:: TASK OBJECTIVE ::
The line with "今回お届けするアイテムは、試" and each line following it, up to the final line of the data, should be set down exactly; pictures stay out.

:: Source records ::
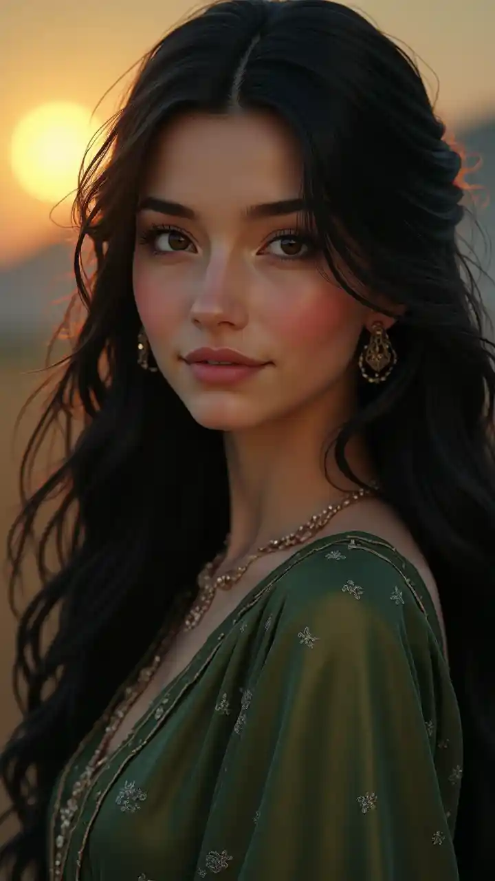 Bu yakın çekimdeki Shahrbanoo, Sassanid prensesi, güzellik ve zariflik bir karışımını yansıtıyor. Uzun, yumuşak koyu siyah saçları omuzlarının etrafında yumuşakça yuvarlanıyor. Shahrbanoo'nun o döneme özgü karmaşık desenlerle zengin bir şekilde süslenmiş olan, kralın statüsünün zarifliğini ve aynı zamanda sakin bir mütevaziliği yansıtıyor. Kumaş Ay ışığında incece parlıyor. (Saçları çerçevelerinde, masumluğu ve gücü de gösteren nazik, utangaç bir gülümseme ortaya çıkar.) Derin, ifadeli, duygulara boğulmuş, sadakatle ve sevdiği kişiler için fedakarlıkta bulunan gözler. Yüzünde yumuşaklık, soylu ve yaklaşılabilirlik arasındaki hassas denge, hem kraliyet figürü hem de merhametli bir varlık olarak karakterinin özünü yakalar.
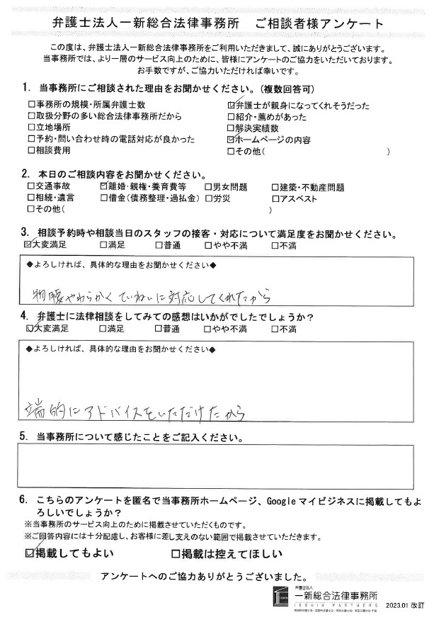 離婚・親権・養育費等について新潟事務所でご相談されたお客様の声をご紹介します
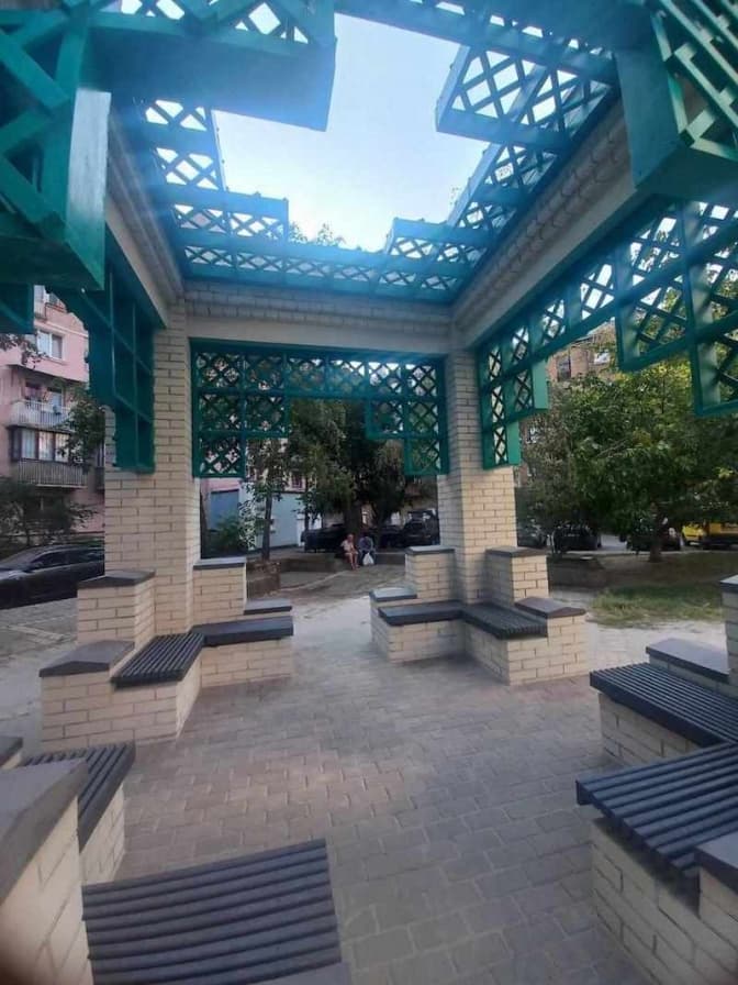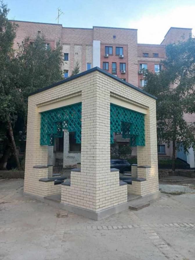 Але роботи з відновлення не могли почати до теплого сезону. Процес гальмувався через пошуки ліцензованих компаній, обстріли тощо. Зрештою, коли приступили до ремонту, виявилося, що в альтанки немає фундаменту, а цегла настільки крихка, що розсипалася в руках. Двічі бригаду майстрів забирали працівники ТЦК, після чого мешканці самі охороняли будматеріали.
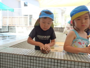 ピカピカ✨になったプールでのプール遊びが楽しみで、ワクワクな子ども達です😆
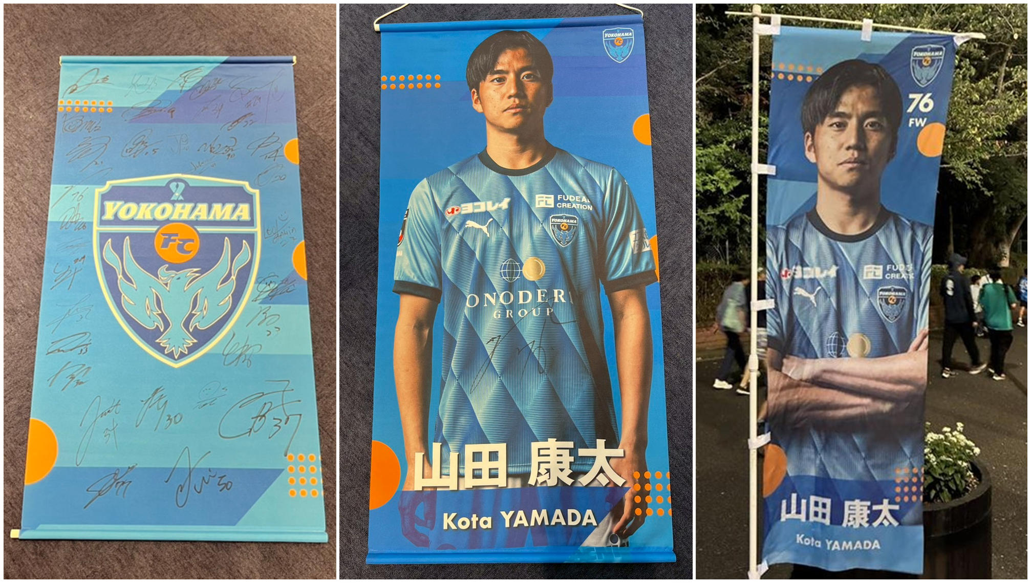 今回お届けするアイテムは、試合時のロッカールームやニッパツ三ツ沢球技場で掲出していた 『ロッカータペストリー/のぼり旗』です!
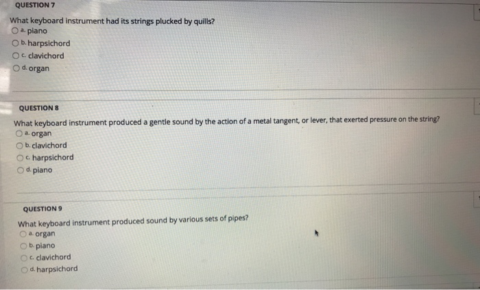 Which keyboard instrument produces shop sound with quills
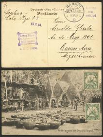 260 NUEVA GUINEA ALEMANA - HISTORIA POSTAL Sobre / N°Cat.: MB. RARO DESTINO: Tarjeta postal con vista "Vor dem Festessen zum Sing-Sing-Tanzfest" franqueada con x2 5Pf. obliterados a pluma, enviada el 23/DIC/1910 de Rabaul a Argentina, excelente calidad! Precio inicial: US$ 50 Precio actual: US$ 50 Oferte US$ 56 o más | |

:: ANSWER TO THE PROBLEM ::
 今回お届けするアイテムは、試合時のロッカールームやニッパツ三ツ沢球技場で掲出していた 『ロッカータペストリー/のぼり旗』です!
 Which keyboard instrument produces shop sound with quills
 260 NUEVA GUINEA ALEMANA - HISTORIA POSTAL Sobre / N°Cat.: MB. RARO DESTINO: Tarjeta postal con vista "Vor dem Festessen zum Sing-Sing-Tanzfest" franqueada con x2 5Pf. obliterados a pluma, enviada el 23/DIC/1910 de Rabaul a Argentina, excelente calidad! Precio inicial: US$ 50 Precio actual: US$ 50 Oferte US$ 56 o más | |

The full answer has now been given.